The pizza man finally came walking down the dock carrying our large pepperoni and mushroom.
"Hey!" He said.
"Hey." I responded, glad my pizza was finally here and wishing I'd called one of those "30 minutes or it's free" places.
"Nice night." The pizza man added. "Last time I delivered a pizza here, it was so rough I felt sea sick just walking down the dock."
"Hmff!" I mumbled, anxious to just pay and get my pizza.
"Boy, a boat like this you could sail to Australia!" Quipped the pizza man, as my dinner visibly got colder.
"You sure could." I replied weakly, thinking as long as you didn't starve to death first.
"Man, that sure is a tall mast. What do you do in a lightning storm?" He asked with genuine interest.
"Well, that's a good question." I answered. Resigned now to cold pizza, I added, "Sometimes even the experts don't agree, but this is what we've been able to gather".
Lightning strikes have always been a concern to boaters (and apparently now pizza deliverymen), but before we can learn to deal with it, we need to understand a little bit about its complicity.
When clouds containing heat and moisture pass over water during a thunderstorm, negative electrons are stripped from the clouds leaving them with a positive charge. The surface of the water beneath the clouds then acquires a negative charge to counter the positive charge above. Unfortunately for us sailors, these charges tend to gather on the highest objects, like masts and rigging. As these charges build and become stronger, the potential for a lightning strike increases. So, what can we do to protect ourselves?
The mainstream approach for dealing with lightning centers on two ideas.
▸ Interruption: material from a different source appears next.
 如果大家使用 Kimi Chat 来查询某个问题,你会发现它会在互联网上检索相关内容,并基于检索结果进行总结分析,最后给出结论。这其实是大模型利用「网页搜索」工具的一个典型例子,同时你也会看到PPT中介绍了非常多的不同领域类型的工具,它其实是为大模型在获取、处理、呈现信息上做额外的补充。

First, install the best lightning ground possible throughout your boat to properly handle a strike if it occurs, then try and prevent a strike altogether through the use of a lightning rod or an ion dissipater.
When a lightning strike occurs, the lightning seeks a path of least resistance. A mast and rig that's properly grounded allows this potentially dangerous bolt to follow a pre-determined "safe and direct" route through your boat to a point outside of your hull. (Either an external keel or a grounding plate affixed to the hull.) The key is to keep the lightning moving in a straight line toward your ground and away from crew members. This path needs to be established from the top of your mast to your grounding plate or keel. Since lightning sometimes takes parallel paths, all of your shrouds and stays should be grounded as well. ABYC recommendations call for #4 wire minimum from your mast, and #6 wire from the each shroud. If your mast is aluminum, you can start the wire at its base, since the mast itself is a great conductor. Lightning doesn't like to turn corners, so keep your runs as straight as possible. If you must curve your grounding wires, use as wide of an arc as possible. Tie in your engine and other large pieces of metal within six feet of your path.
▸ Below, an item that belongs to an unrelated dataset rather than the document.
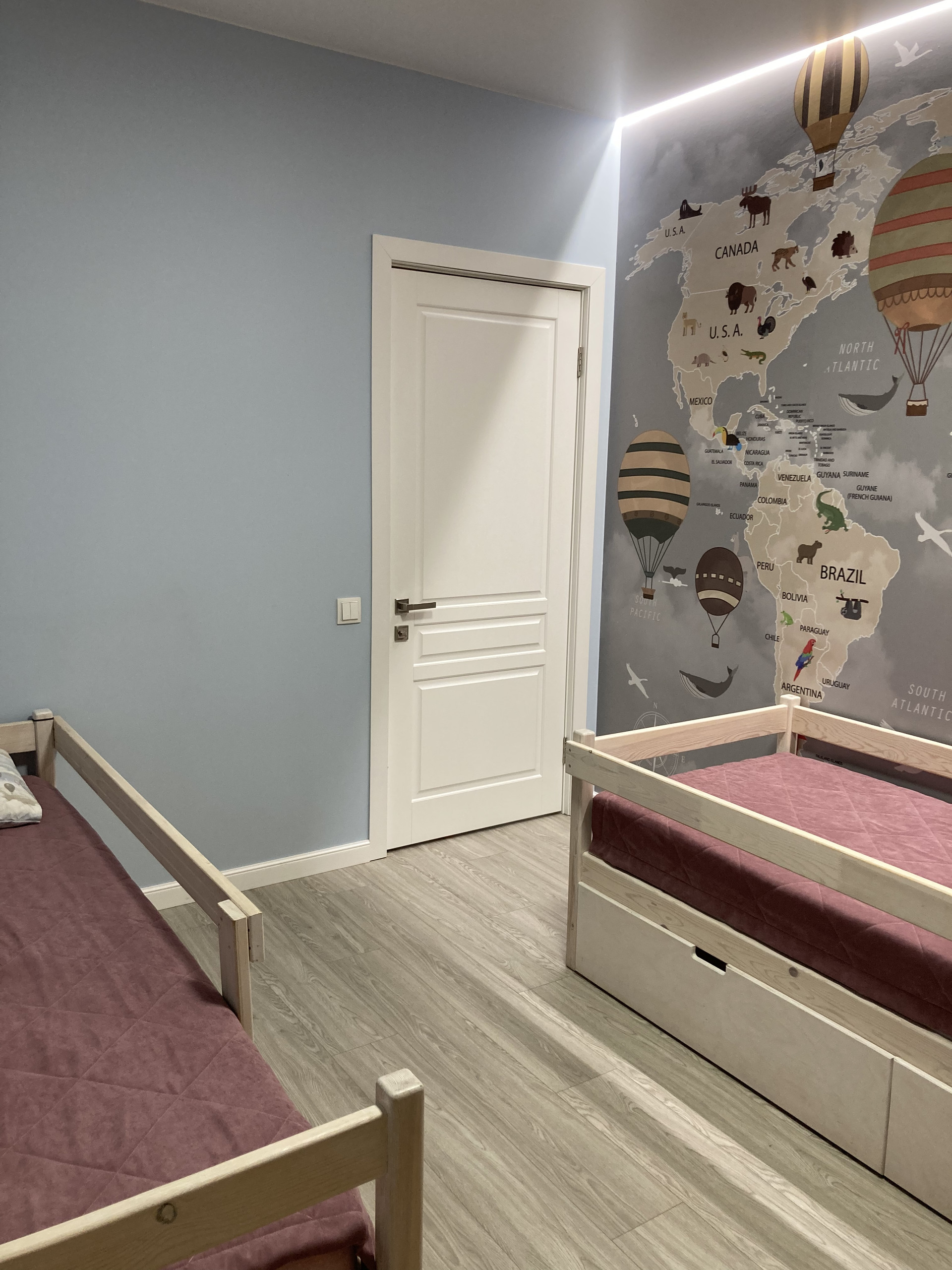 В Детской комнате одна стена оформлена моющимися фотообоями с рисунком карты мира.

If you fail to provide this "safe and direct" path to ground, lightning may find its own route, often without regard for human life. This may be through crew members grabbing a shroud, or a helmsman at the wheel, either of which could prove fatal. Through-hulls have been known to explode, and holes have literally been blown in hulls that lacked proper grounding. Sometimes even vessels with properly grounded rigs get struck and damaged, but the statistics strongly favor grounding.
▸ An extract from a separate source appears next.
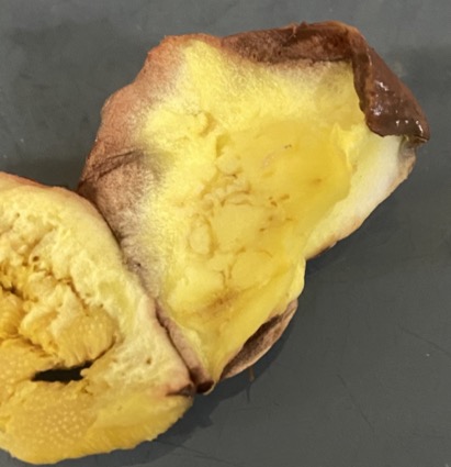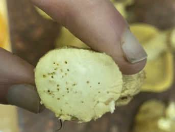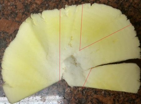 להסתכל בשני הצדדים של החתך. את הרגל יש לחתוך לרוחבה עד שאין חורים/מחילות של רימות (כולל בחלק החיצוני של הרגל). כמו כן מומלץ להסיר את הכיסוי של הכובע ולוודא שאין חורים בגב הכובע (לא הכרחי).

Lightning rods are sometimes added to the top of a properly grounded boat. The idea is that the rod itself begins the "safe and direct" path to ground. Furthermore, the tip of the rod is pointed, so that the building charge of electrons will be gradually bled off from the mast head and neutralize the positive charges above. If this "bleeding off" of electrons occurs in adequate amounts, an impending strike could be prevented altogether. If not, a lightning rod with a proper ground should still reduce the severity of and damage from a strike, if it occurs.
An ion dissipator is another way to lessen the charges that may build at the top of your mast. A dissipator is placed at your masthead, and allows a small amount of the charges to bleed off, reportedly as fast as they occur. As opposed to lightning rods which taper to a single tip, dissipators have many points from which to "bleed off" the electrons and dissipate the charge. Like lightning rods, though, you still must provide proper connections to ground for dissipators to function properly. If you sustain a direct hit with a dissipator and proper ground in place, the dissipator should act as a lightning rod, and safely channel the strike to your ground.
"So basically" I summarized to my new friend, the pizza man. "In our case, we already have a lightning rod that was installed on Serengeti, but I think I like the idea of the dissipator better, so we plan to replace it with one. We have a ground system installed, but it appears to be undersized, so we'll make some changes and bring the wiring up to spec, and we carry a lucky rabbit's foot, just in case."
By this time the pizza guy had heard a little more than he had bargained for. We settled up the tab, and as he started back down the dock, he stopped, turned to me and said, "It's pretty complicated, isn't it? I think I'm glad you've got the lucky rabbit's foot."